→ **Exercise details**: Every line from the one with "نظارة فندي مستطيلة" up to and including the one with "1.5ct Caerus 7mm" is to be output exactly as it appears below; pictures are not.
......
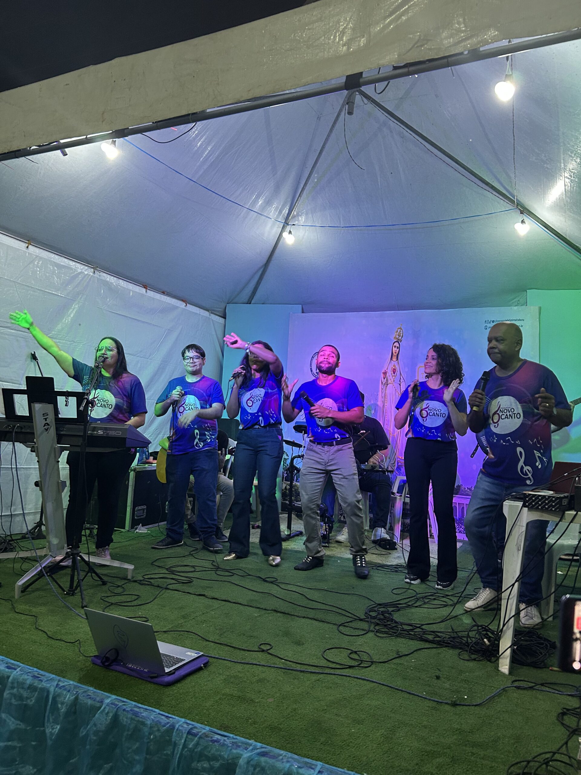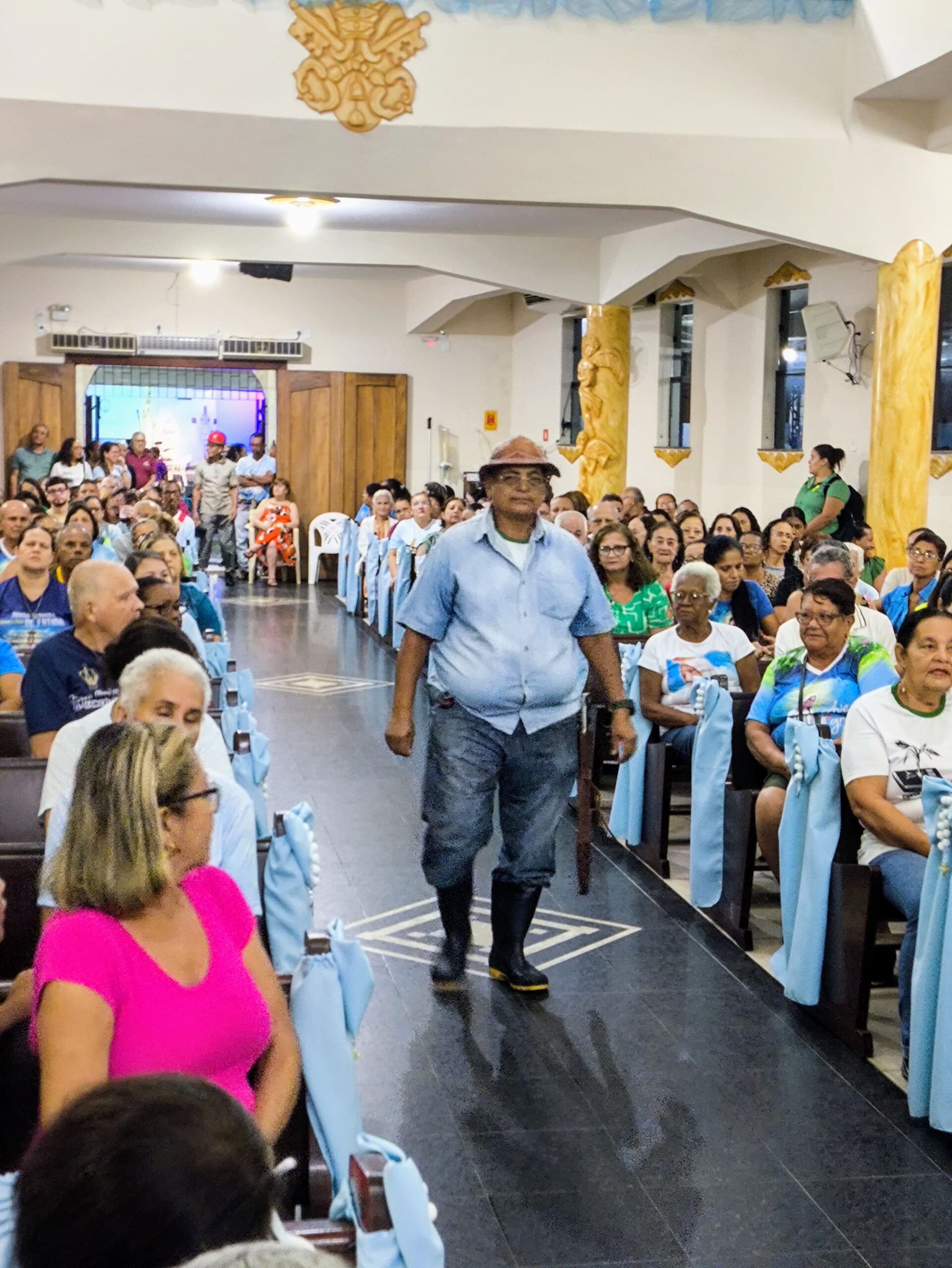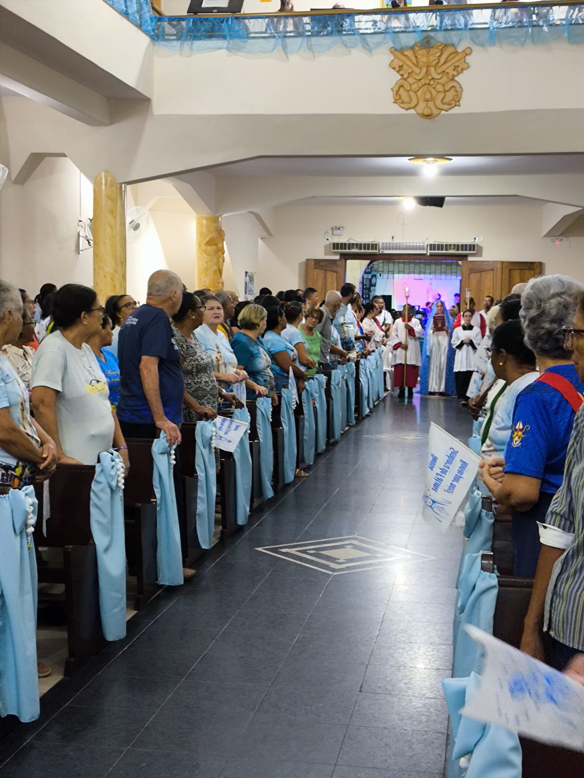 O Momento Devocional “Rezando com Maria” foi particularmente tocante, com a oração específica da noite: “Ó Maria, Mãe divina e fonte de bondade, pedimos que inspire em nós um espírito de compaixão e cuidado para com os doentes… e que sejamos sinais de esperança para os enfermos, levando-lhes conforto, carinho e a certeza de que não estão sozinhos.”. A Ladainha de Nossa Senhora foi rezada com fervor, unindo a comunidade em intercessão.
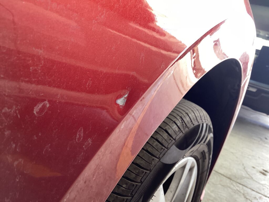 | Salpicadera Delantera | Reparación de Hojalatería y Pintura | Despostilladura con abolladura | ||
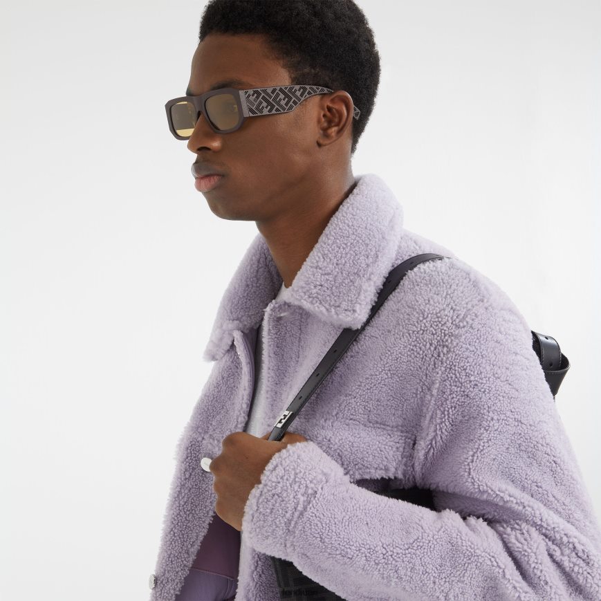 نظارة فندي مستطيلة الشكل. مصنوع من النايلون البني باستخدام تقنية الطباعة ثلاثية الأبعاد وملمس مخطط على الأذرع. عدسات صفراء.
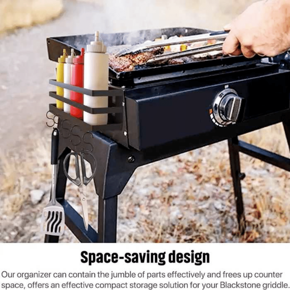 That's where the Blackstone Griddle Organizer comes in. This well-thought-out caddy helps you keep everything in tidy order, making it easy to find what you need when you need it.
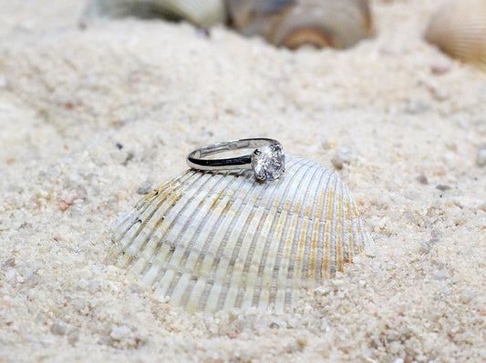 1.5ct Caerus 7mm White Sapphire 4 Double prong Solitaire Engagement Ring
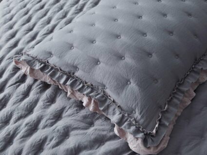 Покрывала выполнены в десяти оттенках, они подойдут для различных интерьеров, объединяет коллекцию потрясающее качество и приятный внешний вид. Изделия декорированы рюшами по краю, что подчеркивает из красоту и изысканность.
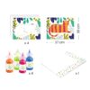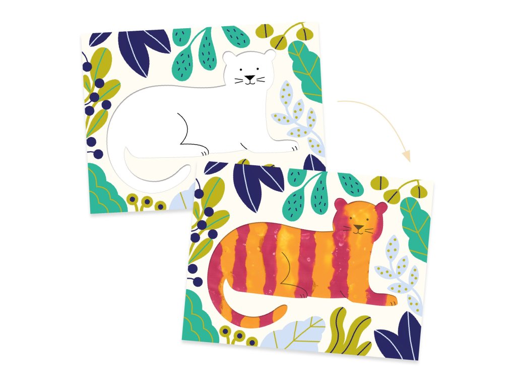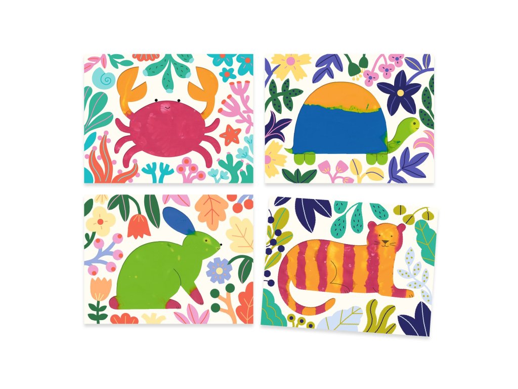 - Obsah balení: 4 omyvatelné plastové kapsy s ilustracemi, 4 lahvičky barev (červená, oranžová, modrá, zelená), obrázkový návod.
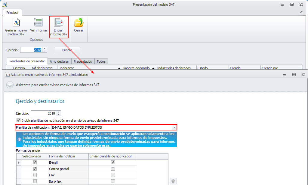 Y a continuación, vea como un asistente de envío de información tributaria cualquiera ofrece, por defecto, esta plantilla.
......
→ **Exercise result**:
 نظارة فندي مستطيلة الشكل. مصنوع من النايلون البني باستخدام تقنية الطباعة ثلاثية الأبعاد وملمس مخطط على الأذرع. عدسات صفراء.
 That's where the Blackstone Griddle Organizer comes in. This well-thought-out caddy helps you keep everything in tidy order, making it easy to find what you need when you need it.
 1.5ct Caerus 7mm White Sapphire 4 Double prong Solitaire Engagement Ring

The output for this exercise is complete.